Гофман неопределенно пожал плечами.
— Может быть, может быть… — пробормотал он. — Климат… Да конечно… — какая-то неясная мысль, недавно появившаяся, но не сформировавшаяся четко, не давала ему сосредоточиться на словах врача. Тот некоторое время выжидательно смотрел на профессора, потом спросил с легкой тревогой в голосе:
— Ты уверен, что сам не нуждаешься в помощи?
— Что? — Давид удивленно посмотрел на него так, словно увидел впервые. — Ты что-то сказал?
— Я спросил, не нужна ли тебе самому помощь, — терпеливо повторил врач.
— Нет-нет, все в порядке. Я в порядке. Спасибо. Не обращай внимания, — Гофман рассеянно улыбнулся, махнул рукой. Улыбка получилась жалкая, он сам почувствовал это. — Просто я подумал… — он снова замолчал, разочарованно качнул головой. — Нет, не помню. Что-то пришло вдруг в голову.
— Ну-ну, — врач кивнул с некоторым сомнением. — Ладно, тебе виднее. Мне пора. Держи себя в руках. Всякое бывает.
Оставшись один, профессор в изнеможении опустился на диван, стоявший в дальнем углу лаборатории. На глаза ему попалась карликовая пальма в керамической вазе. К вазе была прикреплена табличка: «Я не пепельница». Он вспомнил, что смешную табличку написал умерший лаборант, когда Габи, его друг и напарник, в очередной раз погасил в вазе сигарету. Профессор поспешно отвел взгляд, словно увидел вдруг что-то предосудительное, почти неприличное. Смерть двадцатилетнего парня, казавшегося совершенно здоровым, потрясла его, и столь несерьезное напоминание об этом действительно показалось ему неприличным, почти кощунственным в своем трагическом несоответствии: шутливая табличка — и… Он не мог заставить себя войти в кабинет. Ему казалось, что Михаэль все еще полулежит в его кресле, перед раскрытой книгой… как ее? «Сефер ха-Цваим»?

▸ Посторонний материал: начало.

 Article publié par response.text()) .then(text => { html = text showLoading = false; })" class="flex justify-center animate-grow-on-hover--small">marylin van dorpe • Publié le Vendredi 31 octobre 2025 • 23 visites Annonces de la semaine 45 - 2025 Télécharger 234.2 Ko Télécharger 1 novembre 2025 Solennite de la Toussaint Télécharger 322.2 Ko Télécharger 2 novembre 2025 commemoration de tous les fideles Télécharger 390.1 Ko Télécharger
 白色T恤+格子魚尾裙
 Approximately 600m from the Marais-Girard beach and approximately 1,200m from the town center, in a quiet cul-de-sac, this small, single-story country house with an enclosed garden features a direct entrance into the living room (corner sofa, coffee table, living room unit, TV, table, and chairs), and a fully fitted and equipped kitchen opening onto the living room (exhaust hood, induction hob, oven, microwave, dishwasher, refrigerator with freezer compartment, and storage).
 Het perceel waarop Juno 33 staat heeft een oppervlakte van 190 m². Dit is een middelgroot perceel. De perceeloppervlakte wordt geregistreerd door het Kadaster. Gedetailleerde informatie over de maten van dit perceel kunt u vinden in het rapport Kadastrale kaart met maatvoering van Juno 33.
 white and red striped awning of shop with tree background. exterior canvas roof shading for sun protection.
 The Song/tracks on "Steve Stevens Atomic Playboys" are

Вдруг Гофман почувствовал, как мурашки поползли по его спине. Неделю назад, когда пришел из Иерусалима пакет и сопроводительное письмо к нему, это название показалось ему знакомым. Целую неделю он так и не смог вспомнить, почему. В конце концов, мало ли названий — всего лишь, сочетаний слов — откладывалось в его памяти. И вот, только сейчас он вспомнил. И понял, что именно эта мысль мелькнула в его голове во время короткого разговора с врачом.

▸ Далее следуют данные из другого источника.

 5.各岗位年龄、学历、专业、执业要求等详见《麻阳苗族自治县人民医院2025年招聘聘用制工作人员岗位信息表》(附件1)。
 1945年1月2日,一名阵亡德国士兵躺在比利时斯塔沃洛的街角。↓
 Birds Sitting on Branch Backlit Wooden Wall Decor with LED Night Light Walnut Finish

Гофман быстрыми шагами прошел в кабинет, склонился над книгой. Раскрыл ее на первой странице.
Давид Сеньор. «Сефер ха-Цваим».
Внизу страницы была аккуратно выведена строка — по-видимому, из Торы: «Кто согрешил предо Мною, того сотру я из книги Моей». Три буквы выделялись из строки цветом чернил: буква «hей» была выписана красным, буква «шин» — синим, буква «тет» — зеленым, «hей-шин-тет». Триста девять. Вернее, пять тысяч триста девять. Так автор — или переписчик— обозначил год написания книги — пять тысяч триста девятый по еврейскому летоисчислению, то есть, тысяча шестьсот восемьдесят шестой — по европейскому. Своеобразное щегольство каллиграфиста. Сейчас профессору Гофману виделся особый, зловещий смысл этого стиха: «Кто согрешил предо Мною, того сотру я из книги Моей». Он вспомнил, что связано с этим именем, с этой книгой и с этим годом.